Поэзия все же интересна именно рефлексией, тем, как лирический герой переосмысляет происходящее с ним. Часто кажется, что автор, пытаясь выйти на новую ступень обобщения воспринимаемого им внешнего мира, упрощает тему, сводит ее к расхожим, шаблонным образам. Гораздо сложнее обобщить, универсализировать внутренний мир автора (лирического героя), он уникален. Он может быть отталкивающим или заманчивым, но это в любом случае нечто непознанное, иное, привлекающее внимание.

Я попробую пояснить это на примере одного небольшого стихотворения (перевод мой). Кстати, мнение о том, что Луиза Глик легко переводима, на мой взгляд, ошибочно (а все немедленно бросились ее переводить).
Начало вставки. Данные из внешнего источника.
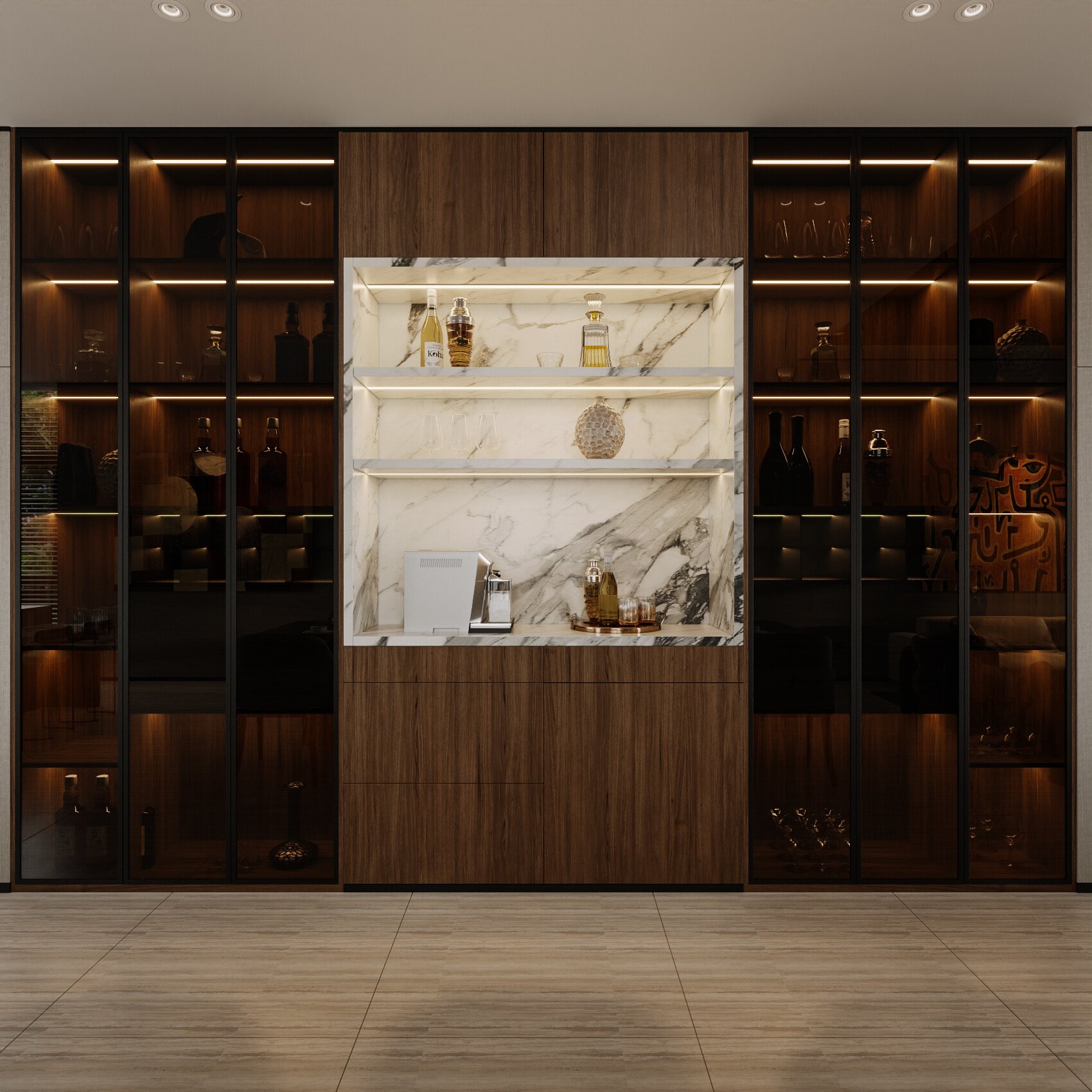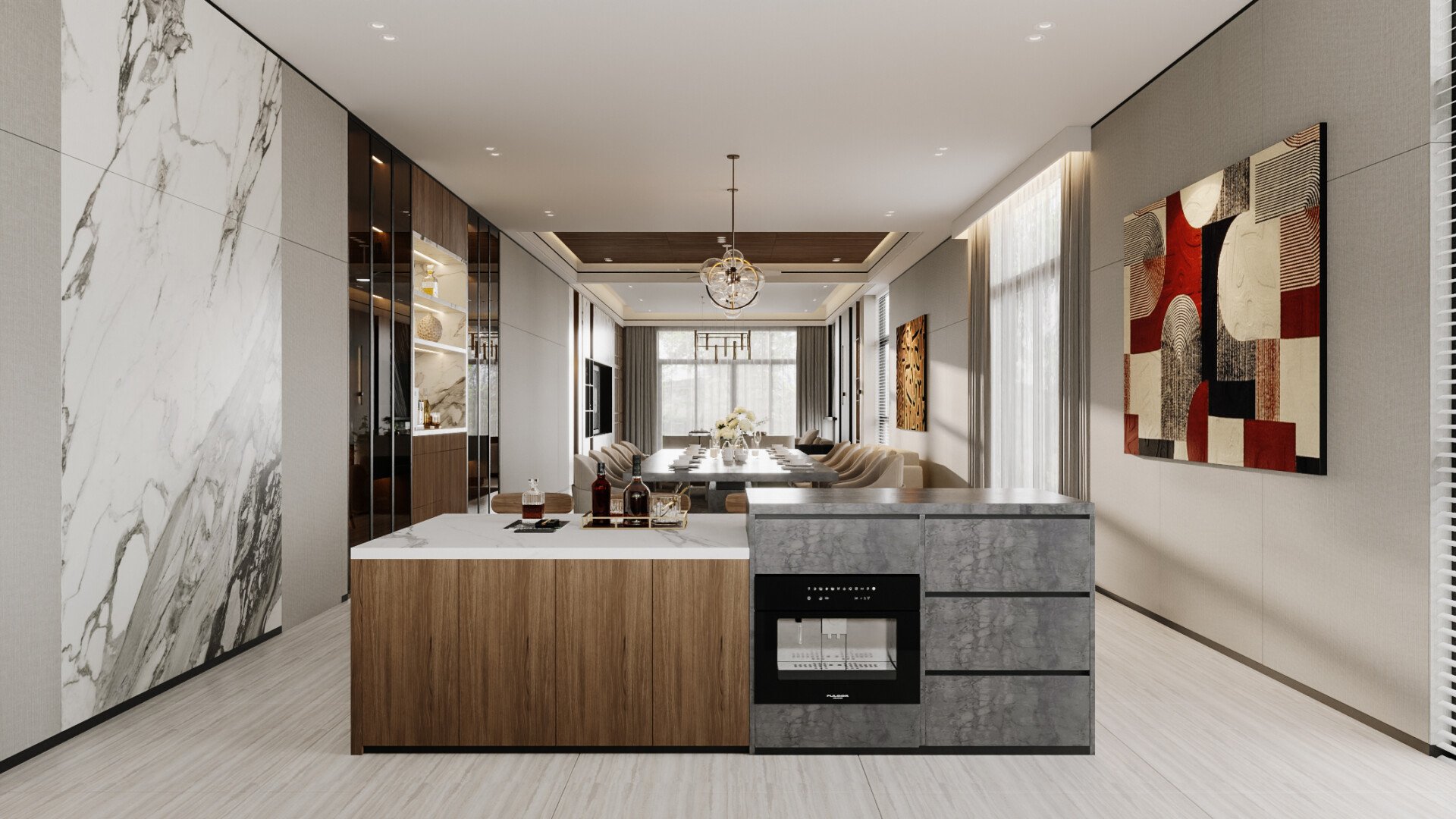 Liền mạch với phòng khách, khu bếp mở ra như một phần tiếp nối của cảm xúc - nơi hơi ấm của ngọn lửa và sự tinh tế của thiết kế cùng hòa quyện. Đảo bếp trung tâm được ốp đá marble vân tự nhiên, vừa là khu vực nấu nướng, vừa là quầy bar nhỏ để trò chuyện và thưởng thức những ly rượu vang nhẹ.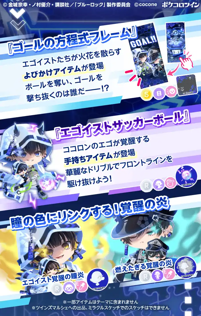 ここでしか手に入らないサイバーをテーマにした特別な衣装で、『ブルーロック』の人気キャラクターたちによる“ここだけのアツい試合”を『ポケコロツイン』でぜひご体験ください。 |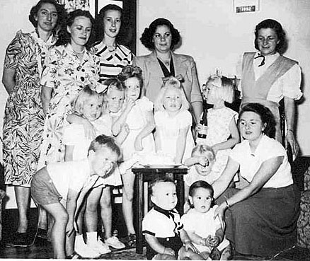 The one in the striped dress is my Mom and Thelma is on her left. I have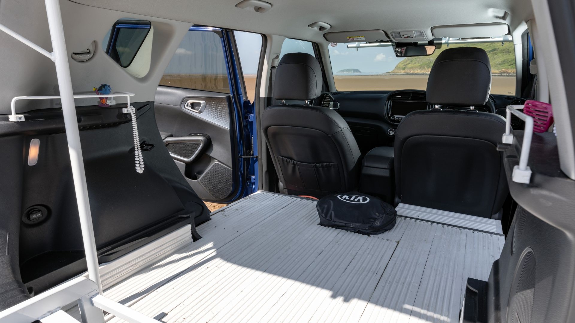 Hiába hordja tetején a szörfdeszkákat, mégis tárolóhellyé alakították a hátsó traktust. Vízálló anyaggal borított ülésből csak kettő van, mögé egy sík padló került az egyéb holmiknak. A vizes ruhák egy kihajtható rúdon száradhatnak, a naplementét egy szintén ki-be hajtható padról lehet megcsodálni. A modell biztosan nem kerül gyártásba, de marketingcélokra tökéletes, és akár olyan fiatalok érdeklődését is felkeltheti a modell iránt, akiket amúgy hidegen hagy ez a kategória.

Она проста в выражениях, в выборе слов, но звучание текста, его мелодия, все эти постоянные перемены фокуса, настроения, роли, взгляда то изнутри, то снаружи, требуют определенного усилия.

 

Late December: my father and I
are going to New York, to the circus.
He holds me
on his shoulders in the bitter wind:
scraps of white paper
blow over the railroad ties.

My father liked
to stand like this, to hold me
so he couldn’t see me.
I remember
staring straight ahead
into the world my father saw;
I was learning
to absorb its emptiness,
the heavy snow
not falling, whirling around us.

Конец декабря: мы с отцом
едем в Нью-Йорк, в цирк.
Он держит меня
на плечах на жгучем ветру:
обрывки бумаги
парят над шпалами.

Отец любил
стоять вот так, со мной на плечах,
не видя меня.
Я помню как
смотрела далеко вперед
вглядываясь в мир, который видел отец;
я училась
впитывать опустошенность этого мира,
густой снег
не падал, кружил вокруг нас.

Ребенок, сидящий на плечах отца, смотрит в мир, который видит отец. Пустой, холодный, теряющийся где-то вдали. Глаза отца, направленные на ребенка, вероятно, теплы всегда. И только эта поза, когда ребенок, сидящий на плечах, не попадает в поле его зрения, дает ему возможность быть собой, не играя роли человека, умеющего решить все вопросы. Он наедине с безжалостным, холодным, колючим миром. Ему не нужно играть свою социальную роль. И ребенок, пытающийся увидеть то, что видит отец, сверяя это со своим опытом, тоже ощущает этот холод, пустоту, бесконечность, трагичность мира. Но все же — снег не падает, он кружит вокруг, сохраняя ощущение детского, надежного мира.

 

***

Когда я уже закончила свои заметки, то прочла нобелевскую речь Луизы Глик и нашла в ней подтверждение многих своих ощущений, сопряженных с ее поэзией. У такой поэзии не может быть и не должно быть массового читателя. Эти единичные читатели, случайным образом распределенные во временах, настоящих и будущих, те редкие счастливцы, способные участвовать в со-творении стихотворения, отзывающиеся, резонирующие в ощущениях, готовые пожертвовать собственным комфортом для внутренней работы, для сопереживания, они есть и будут. Теперь уже точно будут, когда имя Луизы Глик стало им известно. И я надеюсь, что я — одна из таких читателей.